◆ **Activity**
Look through the listing below for the line with "Technical Data: Manufacturing" and the line with "振風(fēng)塔矗立寺中,建于明隆慶四". Copy both, along with every line between them, exactly and with no pictures.

=======

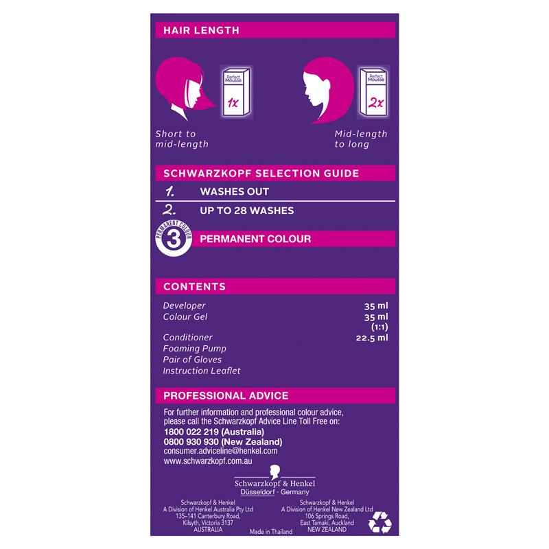 Schwarzkopf Perfect Mousse 5-0 in Medium Brown delivers shiny, long-lasting color with +30% conditioning for healthy-looking hair. Enjoy perfect grey coverage without ammonia.
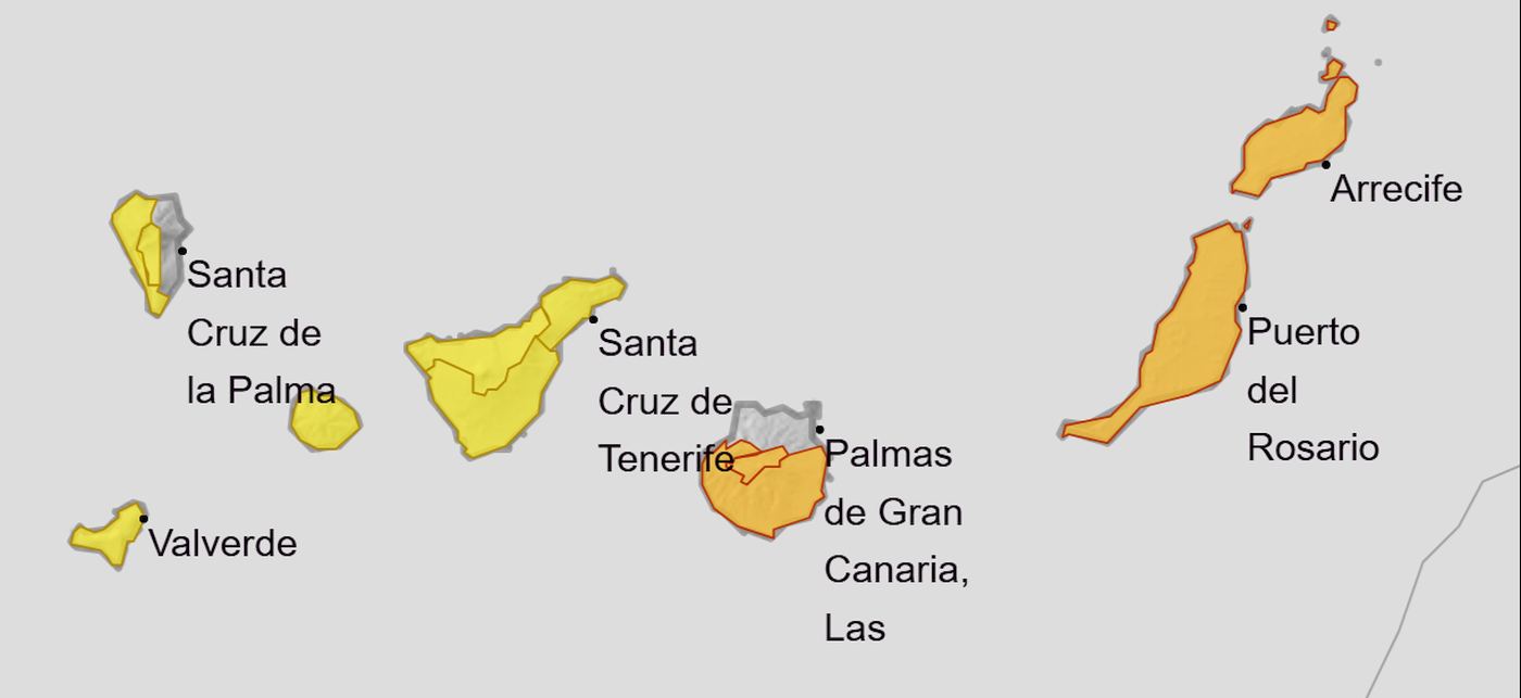 Oransje varsel for høy temperatur er utstedt for Kanariøyenes østlige provins Las Palmas, og gult for den vestlige provinsen, Santa Cruz de Tenerife.
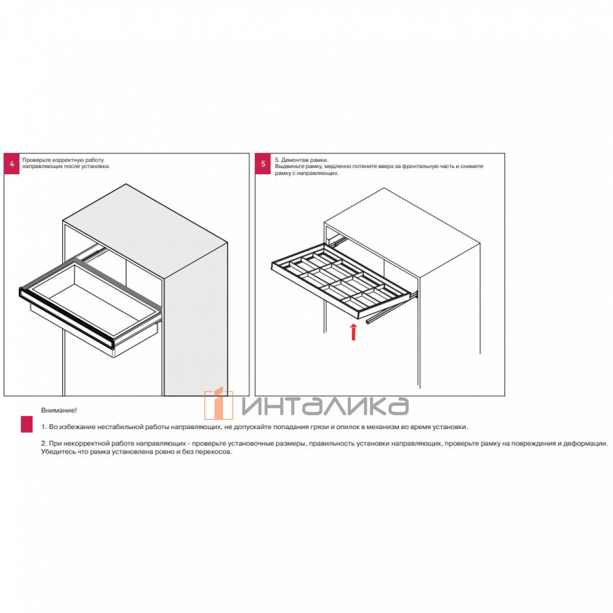 Скрытые направляющие полного выдвижения со встроенной системой демпфирования позволяют закрывать фасады плавно и бесшумно
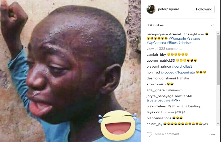 Nigeria music star Peter of P-Square mocked Arsenal fans after bowing 3-1 to Chelsea on Saturday.
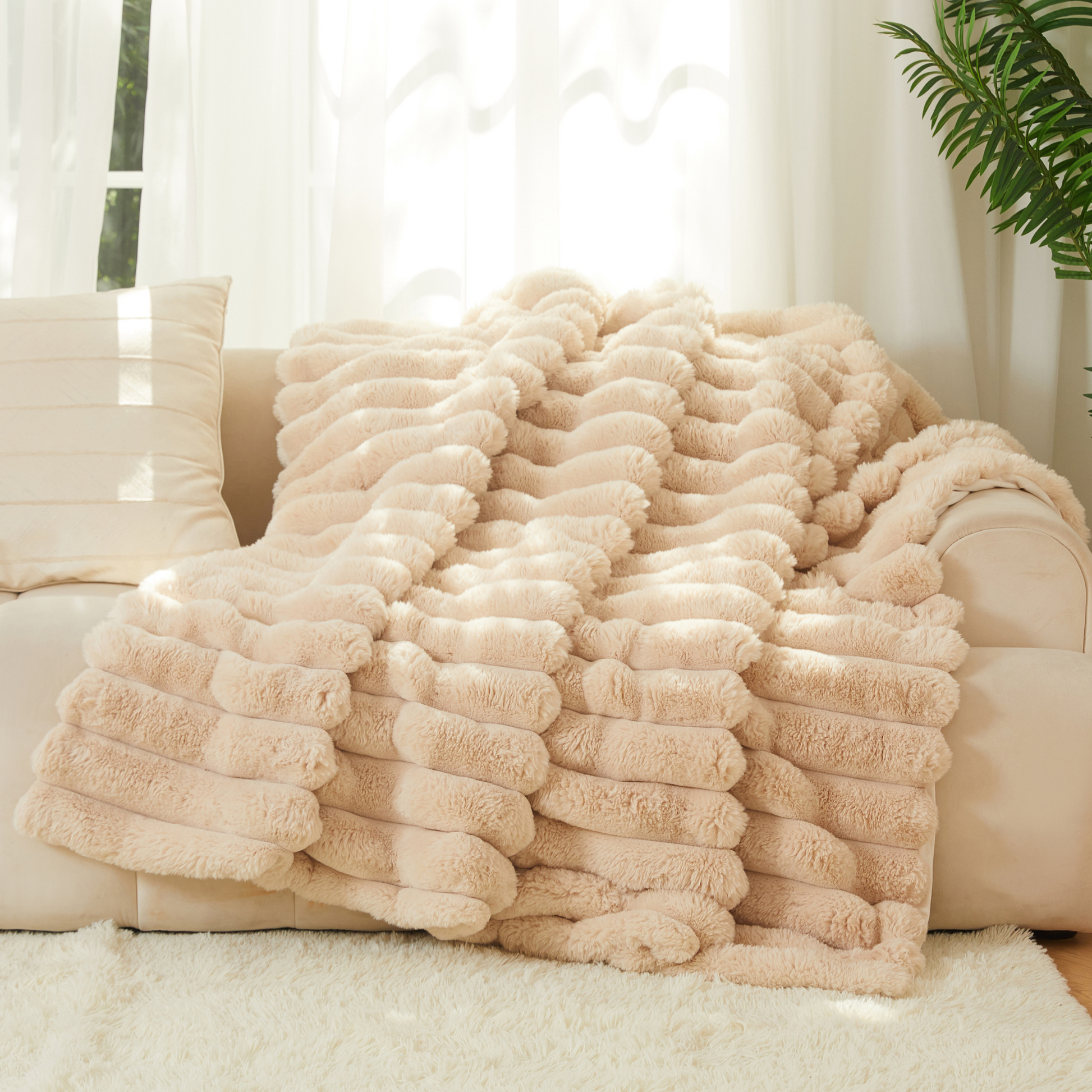 Soft and furry, thick heavyweight quality. It’s warm and comfortable I liked it enough on my tv chaise longe that I bought another one for a bed throw if it gets chilly. Excellent for cool season. Washed easily in my front loader gentle cycle and delicate dry. I suggest not to frequently to maintain the original furry loft. Beautiful
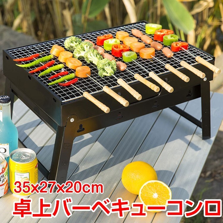 - バーベキューコンロ 鉄 コンパクト 卓上型 折り畳み グリル BBQコンロ 網付き 取っ手付き キャンプ バーベキューグリル 炭火 お花見 ad213
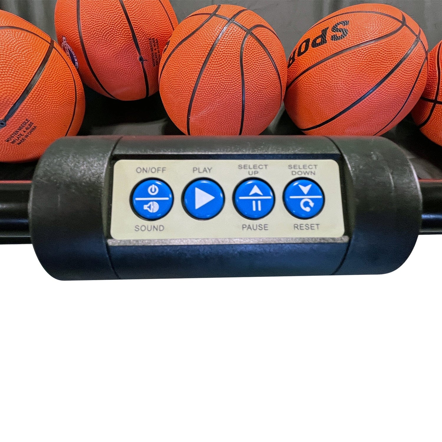 Includes 5 basketballs, pump, and needle — just add three AA batteries and get ready to shoot, score, and showcase your brand! Please note: Basketballs are NOT customizable.
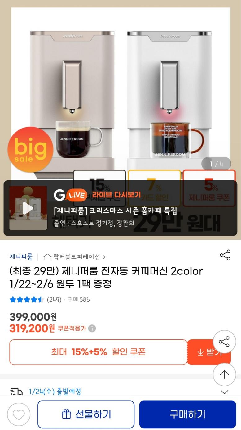 [G마켓] [G마켓] 제니퍼룸 전자동 커피머신 (399,000원 / 무료)
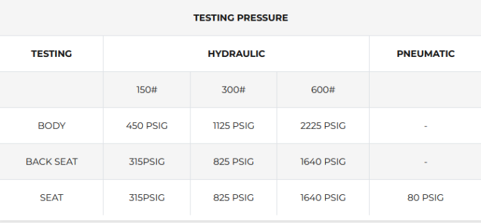Technical Data: Manufacturing Std : API 600. Face to Face, End to End : ASME B16.10. End Connection : Flanged Ends to ASME B16.5, RF. End Connection : Butt Weld Ends to ASME B16.25. Inspection and Testing Std : API 598 TEST PRESSURE.
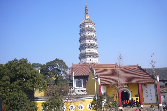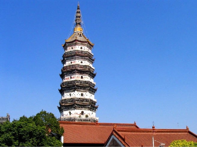 振風(fēng)塔矗立寺中,建于明隆慶四年(1570年),原名“萬(wàn)佛塔”,是長(zhǎng)江流域少見(jiàn)的迎江七級(jí)浮圖。遠(yuǎn)看如同一直立的圓錐體,挺拔秀麗,氣勢(shì)雄偉;近看由磚石砌成的樓閣式建筑,嵌空玲瓏,莊重華美。該塔七層八角,內(nèi)共有168級(jí)臺(tái)階,每層有石欄環(huán)衛(wèi)。塔中心為八角瓜皮頂空廳。
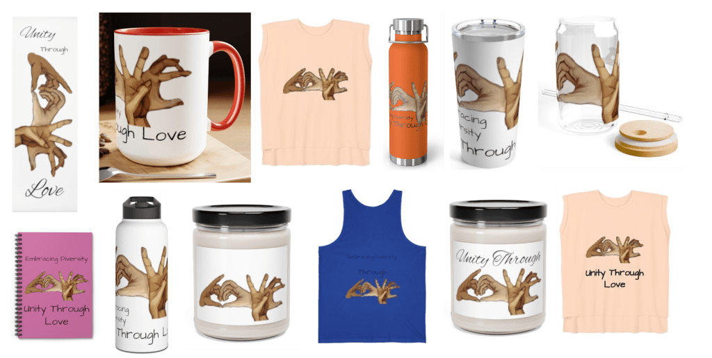 Introducing our ‘Unity Through Love’ collection, where original artwork featuring hands from people of different races spell out ‘Love’ in sign language. These products, including coffee cups, t-shirts, and yoga mats, serve as a reminder that despite our differences, love unites us all. Embrace diversity and spread a message of unity with every sip, stretch, and wear.
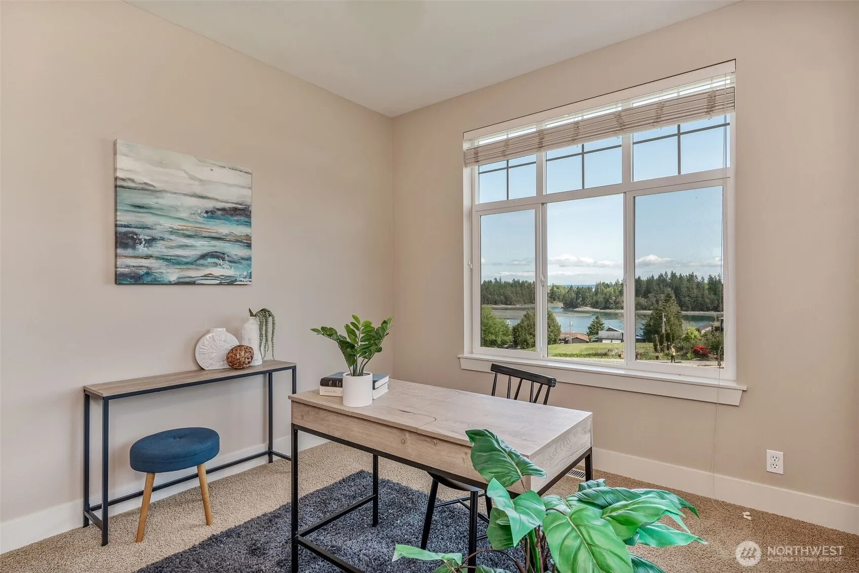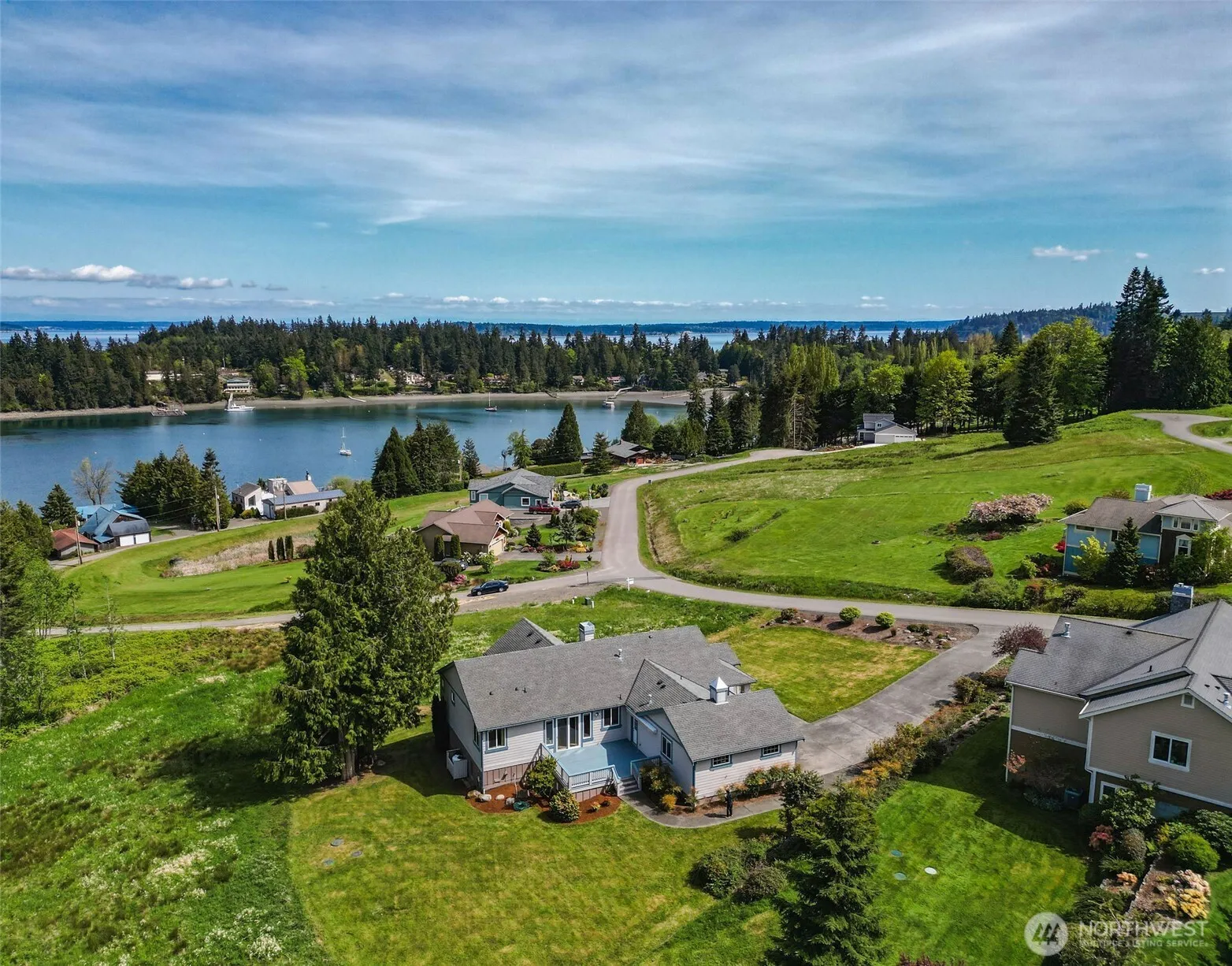 A little bit of paradise! This single level Craftsman home has expansive views of Mats Mats Bay, a shy acre, and is move in ready! A gorgeous home that has been well maintained and is view protected, it boasts vaulted ceilings and wood floors. The kitchen has quality cabinets and granite countertops, high end appliances and ample storage; a great room to dining area and living room. Beautiful built-ins surrounding the double-sided fireplace shared by the living room and dining room. The primary ensuite bedroom is spacious with walk in closet and water views. Additional bedroom, bath, office and laundry room. Two decks to enjoy great outdoor enjoyment; watch boats, wildlife. Photo #40 shows building envelope on adjacent parcel.
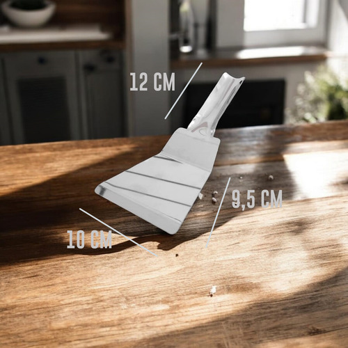 Ya sea que estés cocinando carnes, pescados, verduras o cualquier otro tipo de platillo, esta espátula de acero inoxidable es la herramienta que te ayudará a lograr resultados profesionales en tu cocina. ¡No te quedes sin la tuya y lleva la calidad y el estilo a tu cocina hoy mismo!
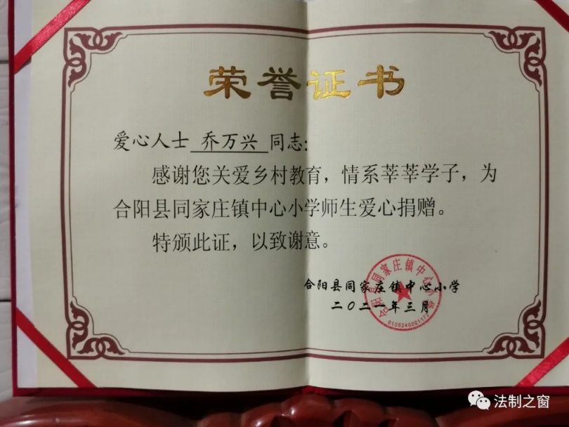 据了解,该活动发起人乔万兴系同家庄镇南龙亭村人,1985年7月考入同家庄镇初中(该校现在为同家庄镇中心小学),他在该学校读书有不到一学期就转到韩城市龙亭中学读书。小学五年级时他就留级,初一时再次因为学习成绩差而留级,在初三没有读完就辍学放羊。1991年12月他参军入伍成为一名水兵,经过自己的12年在部队生涯的拼搏荣立三次三等功、五次获得优秀士兵、获得荣誉证书48本、锦旗20面。由于吃了没有文化的亏,在今年3月10日乔万兴到自己曾经读过书的学校门口发现:曾经上过学的南龙亭小学、龙亭中学都不存在了,唯一自己上过的同家庄镇中学还在但是已经成为小学。乔万兴想:“我要为自己的母校献出自己的一点爱心才对呀!”他的想法得到《法制之窗》驻江苏负责人王国平、同家庄镇南龙亭村左卫增、乔志朝、乔志显的积极响应。五名爱心人士共同出资购买了一批学习用品。左卫增接受采访时说:“我就是没文化,到了社会只能干一些苦活脏活累活,我参加乔万兴发起的这次爱心活动主要就是用我的亲身体会教育学生好好学习。不过我很庆幸的是我儿子学习很好,这是我的自豪。”乔志朝、乔志显接受采访时说:“我们两也是没什么文化,这活动很好,以后我们应该多关心乡村莘莘学子。”据了解,乔万兴在1995年期间就用邮寄的方式从部队给自己的母校同家庄中学捐赠过书籍。
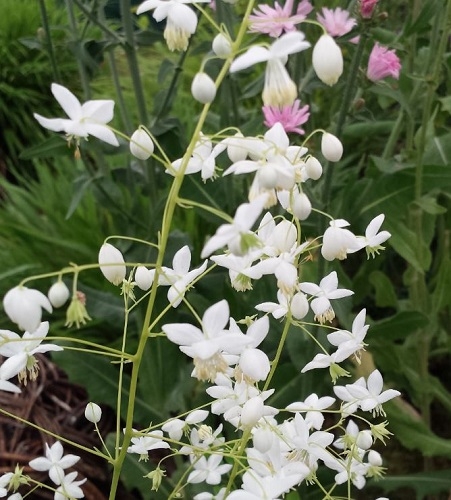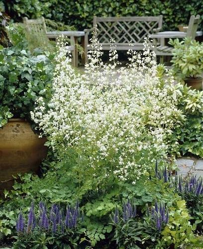 Многолетнее растение высотой до 120 сантиметров. Листья ажурные светло-зеленые, цветки белые, мелкие, собраны в метелку, с бледно-кремовыми тычками. Время цветения июль-август. Название латинское: Thalictrum delavayi 'Album' Особенности выращивания и ухода: Неприхотливы и отлично переносят климат умеренной зоны. Большинство видов хорошо растут как на солнце, так и при небольшом затенении. Нетребовательны эти растения и к почвам — прекрасно развиваются даже на малоплодородных участках, главное, чтобы было достаточно влаги. Использование: Каменистые сады,миксбордеры и групповые посадки, соцветия годятся для срезки
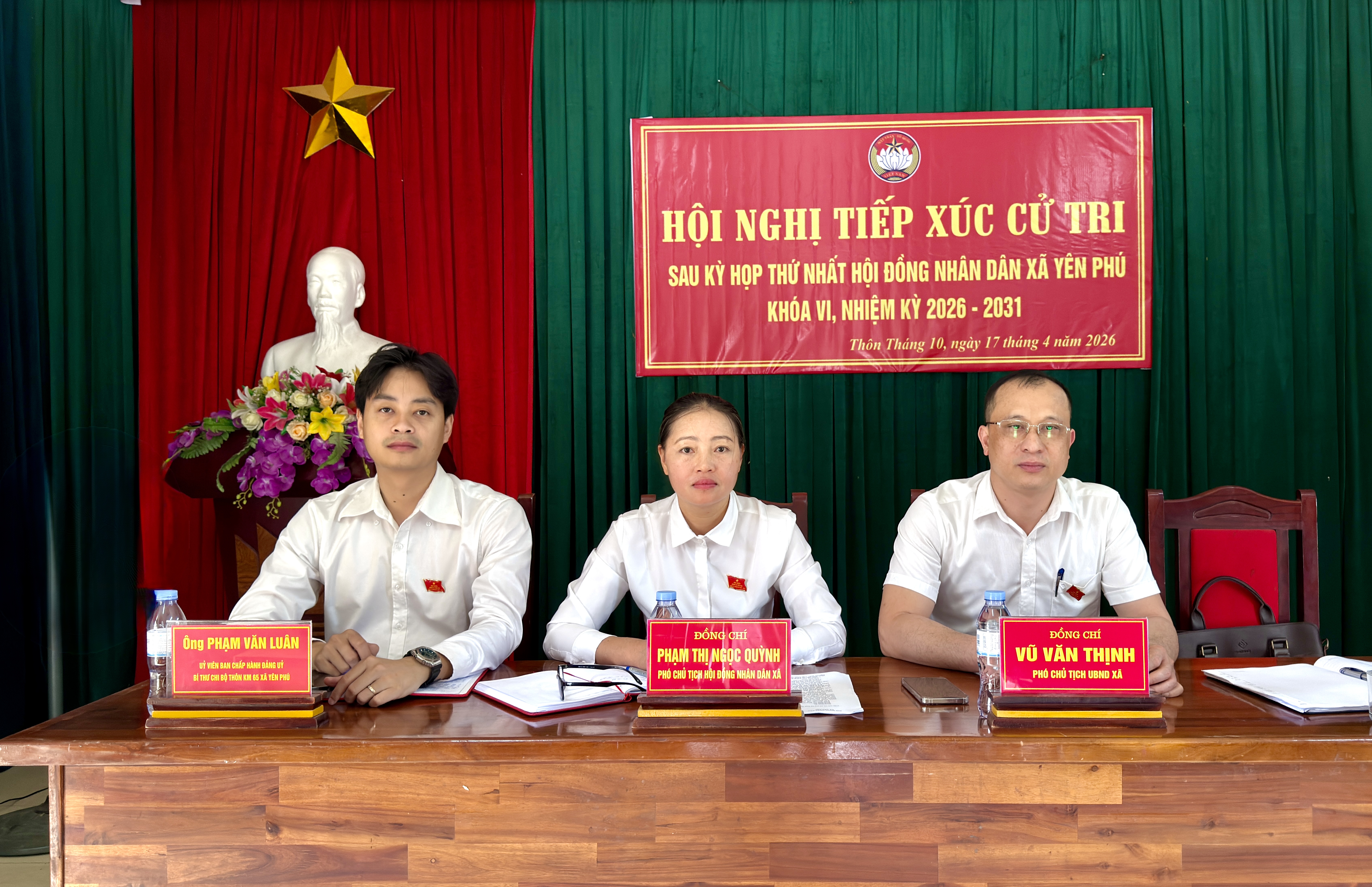 Hội nghị tiếp xúc cử tri sau kỳ họp thứ nhất Hội đồng nhân dân xã Yên Phú khóa VI, nhiệm kỳ 2026 - 2031 tại thôn Tháng 10, xã Yên Phú: Dự hội nghị có đồng chí Phạm Thị Ngọc Quỳnh, Phó Chủ tịch Hội đồng nhân dân xã; đồng chí Vũ Văn Thịnh, Phó Chủ tịch Ủy ban nhân dân xã, Giám đốc Trung tâm Phục vụ Hành chính công; đồng chí Phạm Văn Luân, Bí thư Chi bộ thôn Km65. Dự kiến tổ đại biểu sẽ có các buổi tiếp xúc cử tri tại các thôn Tháng 10, thôn Km 65, thôn Km 68 xã Yên Phú.
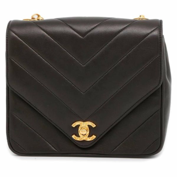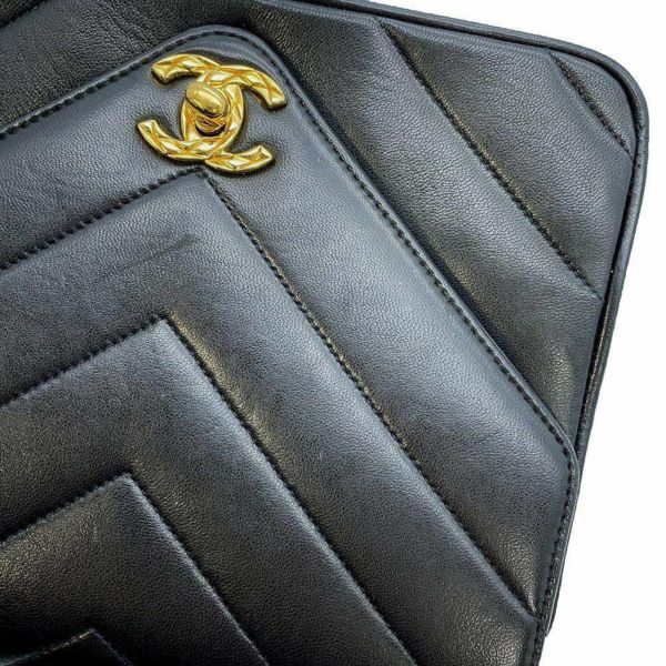 5. シャネル チェーンショルダーバッグ Vステッチ シェブロン ラムスキン CHANEL バッグ 黒 安心保証

=======

◆ **Exercise result**
Technical Data: Manufacturing Std : API 600. Face to Face, End to End : ASME B16.10. End Connection : Flanged Ends to ASME B16.5, RF. End Connection : Butt Weld Ends to ASME B16.25. Inspection and Testing Std : API 598 TEST PRESSURE.
 振風(fēng)塔矗立寺中,建于明隆慶四年(1570年),原名“萬(wàn)佛塔”,是長(zhǎng)江流域少見(jiàn)的迎江七級(jí)浮圖。遠(yuǎn)看如同一直立的圓錐體,挺拔秀麗,氣勢(shì)雄偉;近看由磚石砌成的樓閣式建筑,嵌空玲瓏,莊重華美。該塔七層八角,內(nèi)共有168級(jí)臺(tái)階,每層有石欄環(huán)衛(wèi)。塔中心為八角瓜皮頂空廳。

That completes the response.